Elena.
I woke up with a banging headache and as I looked around, I was in a room with the only source of light being the one dangling above my head and it was a very dim one.
It made me anxious and terrified, I felt nauseous immediately. Being the daughter of a man like Bruno Amato, I had been in this sort of position not once nor twice, both by the people that were supposed to protect me and the monsters I had known.
After the mixture of harshness and passionate bullshit that happened yesterday, I knew I had to be scared for my life.
I tried to get up but then realized that I was been held back by something. My right wrist had been held back by a cuff. I had been cuffed to a pole right beside the chair I was on.
I didn't know when I started to cry as soon as I realized that I had just gotten myself into a trouble that seemed like it would cost me my life. This man seemed even more dangerous, an alpha, one whose aura screamed power and cruelty.
When footsteps started to approach the room I was in, I quickly dried my eyes. The door creaked open, making a whole bunch of light fill the room, my eyes struggled to come to terms with the sudden exposure as I squinted.
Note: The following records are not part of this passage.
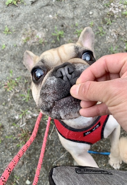 | 特徴(性格など) | フレンチブルドックの女の子 目が見えませんが 生活にもんだいはありません。 性格→甘えん坊で人が大好きです。とても穏やかな性格、老若男女問わず優しく接してくれます。 お留守番→上手にできます。 ※クレートや狭いケージ内でのお留守番はしばらくの間クルクル回ってしまいます。 長めのお留守番の時は広めに囲ったスペースを作ってあげるといいです。 苦手なこと→全盲のため突然の接触や他犬の吠えに怯えてしまうことがあります。お散歩時など初めての犬と関わるときはゆっくり近づいてあげてください。 相手が興奮している場合は無理に接触させず離れてください。 生活→お散歩が大好きです。 夜散歩も上手に歩けます。 ※障害物回避のためリードは短めにもっていただき見守りながらのお散歩をお願いします。 トイレシートの認識できます。 新しい環境に慣れたらトイレの場所も覚えることができます。 暮らし→階段手前にゲート設置。 リプの目線に当たる家具や障害物などは配置変えや工夫をしていただければ問題なく過ごせます。 預かり宅で初めての家庭犬暮らしを練習中です。 他犬との関わり方も上手です。 |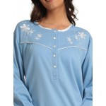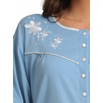 Νυχτικό φούτερ μακρυμάνικο σε σιέλ χρώμα με στρόγγυλη λαιμόκοψη και πατιλέτα.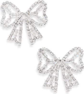 Baguette-cut and round crystals illuminate these open-bow stud earrings that bring glamorous sparkle to your night-out looks.
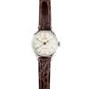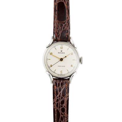 Precision model, 1940s, signed 17 jewel manual wind movement, round silver coloured dial with applied gold coloured Arabic numerals and arrowhead hour markers, outer seconds track in black with Arabic numerals, bevelled gold coloured hands, centre seconds hand in black, fancy curved lugs, with Rolex coronet to the caseback, on a modern strap, no box or papers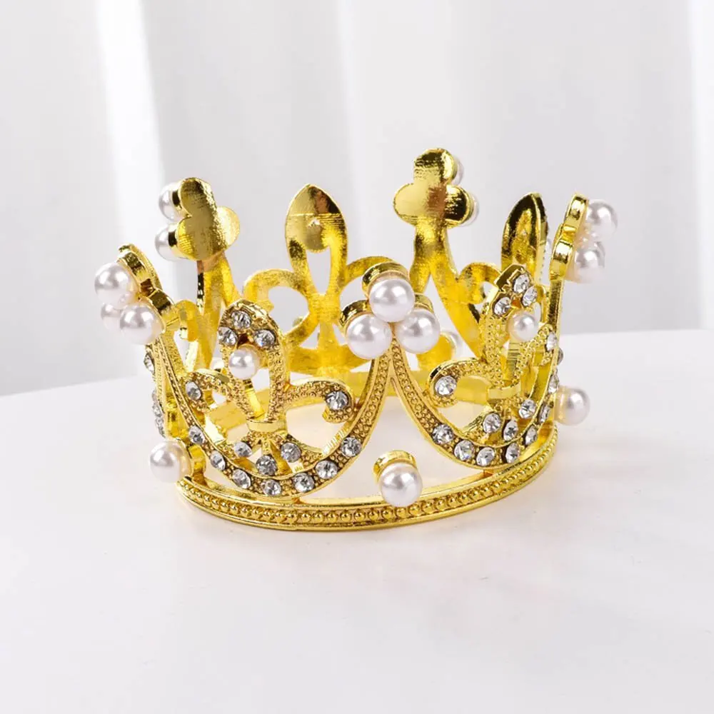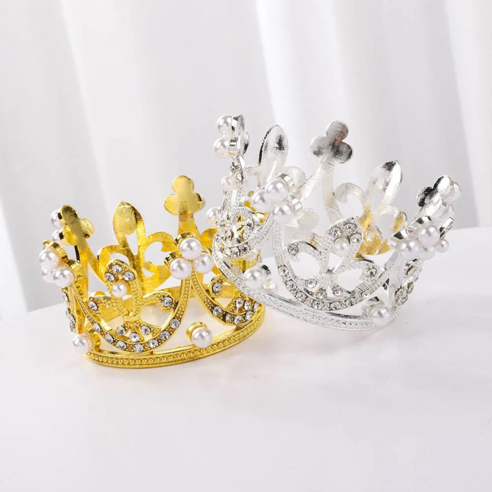 Изящная Королевская корона из золотого и серебряного жемчуга для торта, металлическая ажурная блестящая декорация для торта ручной работы, детские товары для дня рождения, свадьбы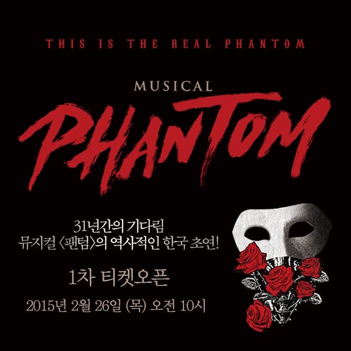 뮤지컬 '팬텀'은 오는 4월28일~7월26일 서울 충무아트홀 대극장에서 공연되며 오는 26일 1차 티켓 오픈을 앞두고 있다.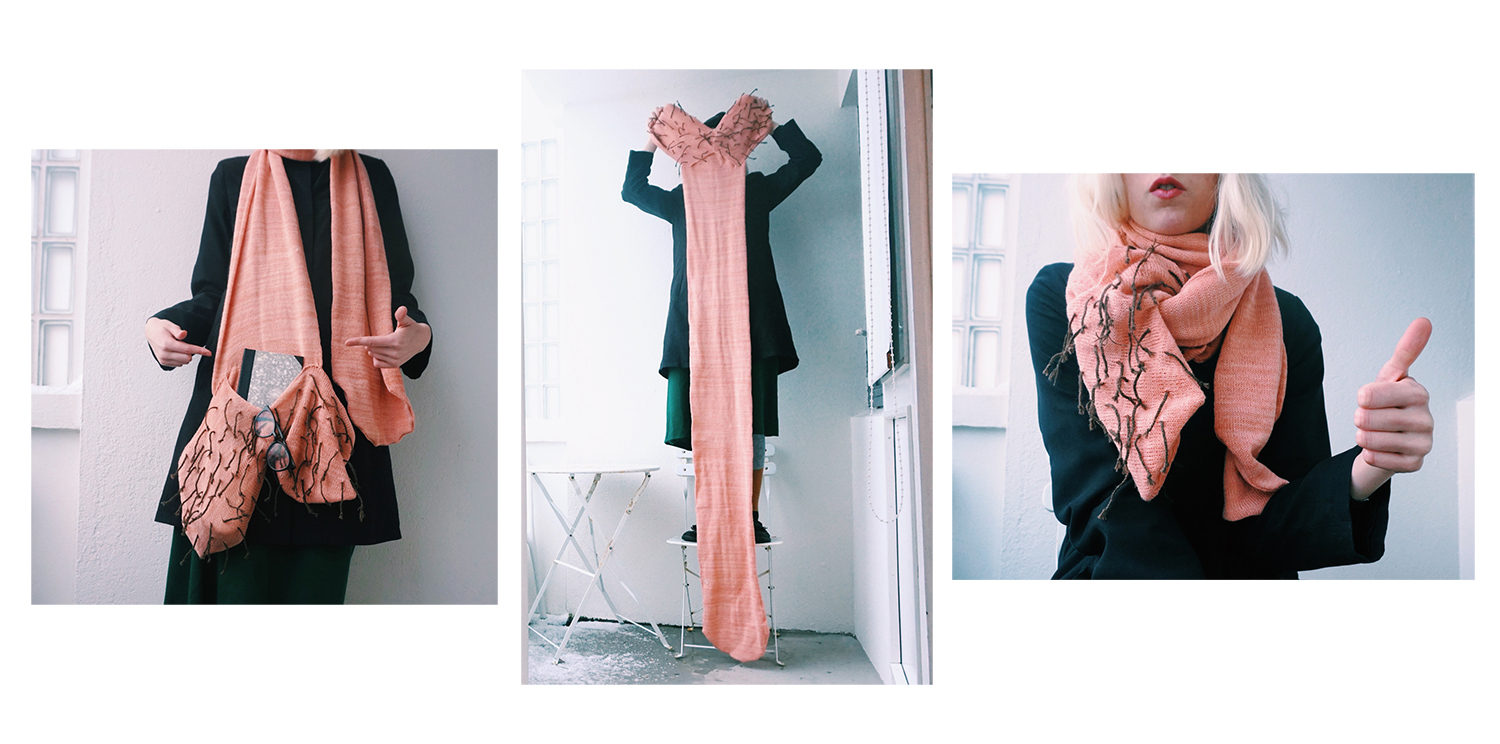 Ý: Good question! I simply don’t really know….I just really connect with it, and we all do, we all have those things with us every day, they are us and we use them to do so many things! It also connects with the clothes, we use them to cover and complement our bodies, keeping them warm or trying to give them some air. Then they move with the bodies and our movements can make them change, there is just something fun and playful about it!

Once my eyes got adjusted to the bright light, I opened my eyes fully to look at who had come in.
It was him.
The man whose name I was yet to know and still managed to scare me. He was still naked at the upper part of his body and somehow, I was convinced that this man keeps trying to show off. Not that I was complaining though, I found myself looking at his biceps and the tattoos that adorned them like art.
If he weren't so scary, maybe I would have wished to run my hands through them, but if I wish that right now, it means I'm really in for my own death sentence.
And maybe I really am in for my own death sentence, suicide even.
This man had made me feel like he was different when he moved close to me and teased me so much the way he had done the the previous day or today, I wouldn't know in the dark place I was in.
Is it a day already? Or two days? Maybe I've even used a week?
Well, that wouldn't be realistic though, since I haven't eaten anything since I escaped Salvatore's clutches. My stomach grumbled, as if in agreement to what I had been thinking and it was a very loud one.
And as if in sync with me, the man snapped his fingers and an elderly woman, who looked like she was in her fifties walked into the room so casually and placed a tray of food on the floor and as soon as she did, she left. I was immediately impressed, whoever this man was, he had the courtesy to at least feed his captives such good food, my father and Salvatore would never. They feed their captives like they are rats.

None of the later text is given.